Но ни одна из них не может целиком раствориться в другой. Несмотря на тесную взаимосвязь, они несводимы к некоему единству, к некоей тиранической, окончательной и единообразной форме сознания, которая бы поглотила и уничтожила их все. По самой своей природе, по своим истокам, по своему значению каждая из них автономна. Первая в единый миг обнимает всю ту область языка, где обретаются и приходят в столкновение смысл и бессмыслица, истина и заблуждение, мудрость и опьянение, дневной свет и мерцающая греза, ограниченность суждения и беспредельные притязания желания. Вторая, наследница великих страхов, живших в наших предках, возвращается, сама того не зная, не желая и не высказывая, к древним бессловесным ритуалам, что очищают и подпитывают неясное сознание тех, кто принадлежит к данному сообществу; она заключает в себе всю историю неназываемого, и несмотря на все самооправдания, которые она может привести, сближается не столько с непрекращающимся тяжким трудом языка, сколько с незыблемой строгостью обряда. Третья относится не к области познания, а к области узнавания; она — зеркало (как в “Племяннике Рамо”) или воспоминание (как у Нерваля или Арто), т. е., по сути, всегда рефлексия, возникающая в тот самый момент, когда она, как ей кажется, указывает либо на чужого, либо на нечто чуждое в самой себе; в своем ничем не опосредованном высказывании, в этом целиком перцептивном откровении она дистанцируется от самой близкой из своих тайн; в простом и непреложном существовании безумия, обезоруженного и словно дарованного ей, она, сама того не ведая, распознает свое близкое и привычное страдание. В аналитическом сознании безумия драма утрачивает свою остроту, и диалог умолкает; нет больше ни лирики, ни ритуала; все фантазмы обретают свою истину; угрозы противоестественного превращаются в признаки и проявления некоего естества; то, что вызывало ужас, требует отныне лишь техники подавления. Сознание безумия может обрести здесь равновесие лишь в одной форме — в форме познания.
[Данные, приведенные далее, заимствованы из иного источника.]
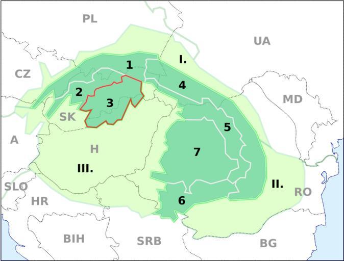 | Keywords: Carpathians Western Inner.svg Inner Western Carpathians outlined in red <br> 1 Outer Western Carpathians <br> 2 Central Western Carpathians <br> 3 Inner Western Carpathians <br> 4 Outer Eastern Carpathians <br> 5 Inner Eastern Carpathians <br>6 Southern Carpathians <br> 7 Apuseni West-Romanian Mountains and Transylvanian Plateau <br> I Subcarpathian depressions <br> II Romanian Lowlands <br> III Pannonian Basin <br>----<br> Wewnętrzne Karpaty Zachodnie w czerwonym konturze <br> 1 Zewnętrzne Karpaty Zachodnie <br> 2 Centralne Karpaty Zachodnie <br>3 Wewnętrzne Karpaty Zachodnie <br> 4 Zewnętrzne Karpaty Wschodnie <br> 5 Wewnętrzne Karpaty Wschodnie <br> 6 Karpaty Południowe <br> 7 Góry Zachodniorumuńskie i Wyżyna Transylwańska <br> I Podkarpacie <br> II Równiny Południoworumuńskie <br> III Kotlina Panońska Own PM / P 13 IX 2009 pl Polish language Wikipedia P SVG maps of Europe Maps of the Inner Western Carpathians |
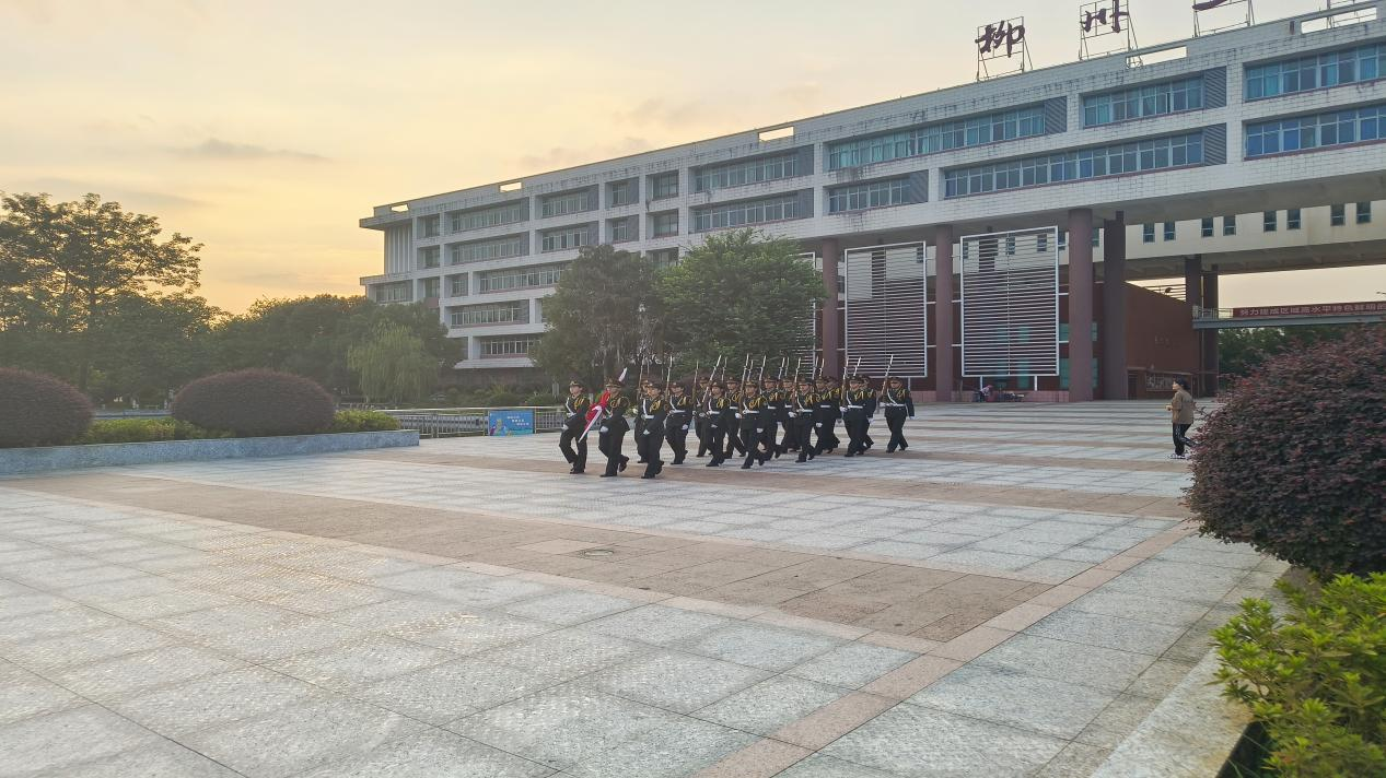 伴随着初升的朝阳,国旗班的脚步铿锵有力,全体师生行注目礼,五星红旗在嘹亮的国歌声中冉冉升起。
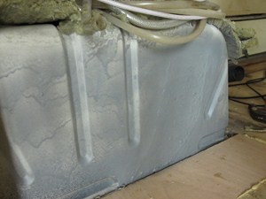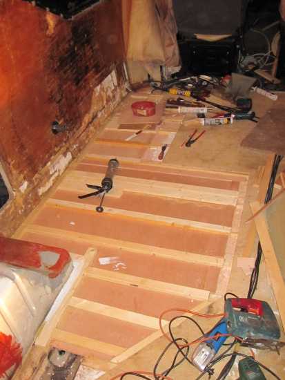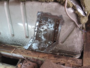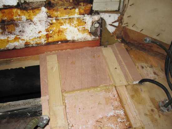Der Fußboden war morsch Teilen Wassertank. Und durch eine fehlerhafte Toilette gab die Sache auch faule gebaut. Es gab keine Dichtungsmittel zwischen dem äußeren Rahmen und der Wand Gebrauch.
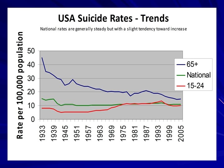 American Numbers: 2006 Data 33, 300 completed suicides in 2006 Rate: 11. 1 per 100, 000 89. 4 per day (equivalent of one commercial jet every other day) One person every 15. 8 minutes Suicide does not respect age, race, religion, social or economic status; it’s an equal opportunity mode of death.

С тех пор как ушла в прошлое эпоха Возрождения, а с ней и трагический опыт умопомешательства, каждая из исторически изменчивых фигур безумия предполагает наличие одновременно всех этих четырех форм сознания, их тайного противоборства и беспрестанно распадающегося единства; каждый миг те составляющие опыта безумия, которые относятся к диалектическому сознанию, к ритуальному размежеванию, к лирическому узнаванию и, наконец, к научному знанию, приходят в равновесие и вновь утрачивают его. Те лики безумия, которые последовательно сменяют друг друга в современном мире, обязаны своими характерными чертами пропорциям и связям между четырьмя этими главными составляющими. Ни одна из форм сознания безумия не исчезает окончательно; но бывает и так, что какая-либо форма, получая преимущество над другими, удерживает их как бы в тени, и оттого возникает напряжение и вспыхивают конфликты, не достигающие уровня языка. Бывает также, что между какими-либо из этих форм сознания устанавливаются более тесные связи, и они объединяются, образуя широкие секторы опыта, автономные и обладающие собственной структурой. В ходе этих процессов возникают очертания истории в ее становлении.
Если мы примем на вооружение хронологию больших временных протяженностей, то, возможно, в эпоху, простирающуюся от Ренессанса до наших дней, мы обнаружим некое широкомасштабное движение, в результате которого опыт безумия смещался от критических форм сознания в направлении форм аналитических. В XVI в. преимущество отдавалось диалектическому опыту безумия: ни одна эпоха не обладала такой чувствительностью к проявлениям бесконечной обратимости разума, равно как и разума безумия; ко всему близкому, привычному, похожему в предстающем взору безумце; наконец, ко всем тем особенностям его существования, какие способны разоблачить иллюзию и заставить истину сиять во всем ее ироническом блеске. Все та же тревога, та же ожесточенная критика, то же утешение, найденное в приветливой улыбке безумия, передается от Бранта к Эразму, к Луизе Лабе, Монтеню, Шаррону и наконец к Ренье. “Итак, сей разум есть престранная зверушка”6. Бесконечное движение этого сознания подчиняет себе все, вплоть до медицинского опыта безумия с его категориями и мерками.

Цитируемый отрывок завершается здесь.